Are you waiting for Verizon to get with the Windows Phone program too?



  1. Ablonso

    04/23/2012 at 1:55 am

    Unreadable, and I really tried.  Think about your grammar for Pete’s sake.

  2. Dave Gilbert

    04/23/2012 at 5:00 am

    Grammar aside, I have been waiting for verizon to offer a high end windows phone. HTC trophy doesnt sell enough because it sucks. Nokia winphone to verizon!!!!

  3. Ablonso

    04/23/2012 at 4:31 pm

    Wow.  Criticism = deletion of comment.  Stay classy.

  4. Mack Knife

    07/18/2012 at 10:40 am

    I think Microsoft is simply waiting for a general release of Windows 8 for other computing devices ala tablets, desktops and will coincidentally release Windows Phone 8 at the same time.

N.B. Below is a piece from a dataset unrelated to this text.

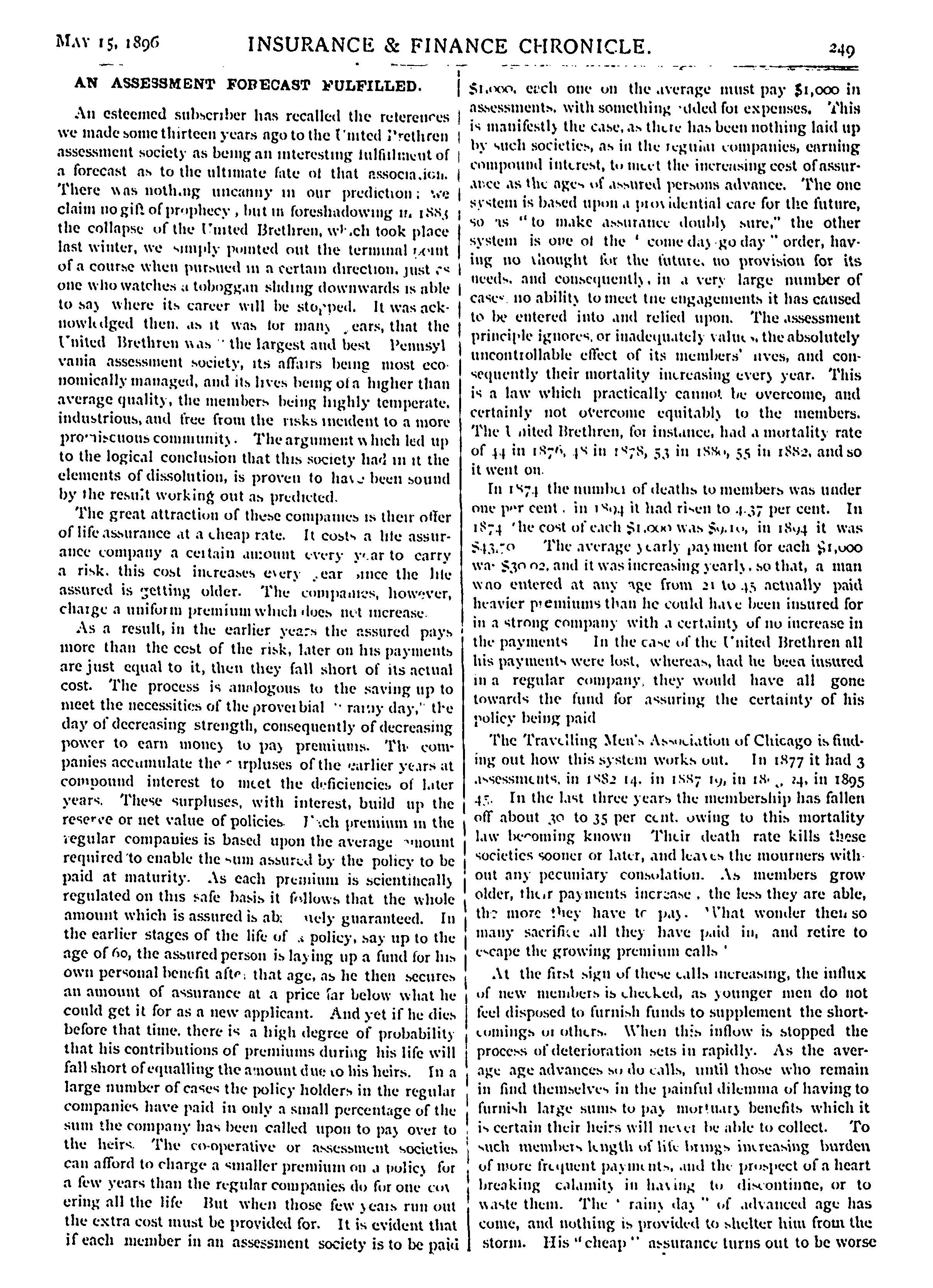 - The insurance & finance chronicle [Vol. 16, no. 10 (May 15, 1896)]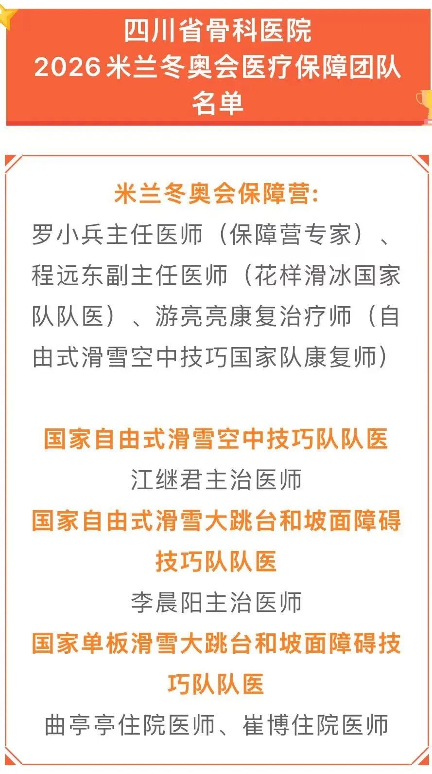 本届米兰冬奥会,四川省骨科医院7名业务骨干专家入选国家队医疗保障团队,采用“随队保障+保障营支持”模式,依托三级医师保障体系,全程护航中国冰雪健儿的赛场征程。

    At no time has there been a single solution across all hardware platforms for an OS. The previous Windows Mobile wasn’t really integration but Windows 8 will be. Apple can’t even come close to the amount of market disruption hundreds of millions of desktop upgrades and a truly compatible and seamless mobile offering will have.

    Forget figuring out how to use one device and one OS on your mobile phone and another for other things. Expecting Microsoft to react as if it were a small company or a mostly single product line company like Apple (their depth is a lake, Microsoft an ocean) isn’t realistic.

    It is one thing to change an OS for a mobile phone and a few models of computers and laptops. Quite another to change and make it work for dekstops, laptops, tablets, mobile phones, servers, extensive software suites and a support system that reaches into nearly every business on the planet. Think about it.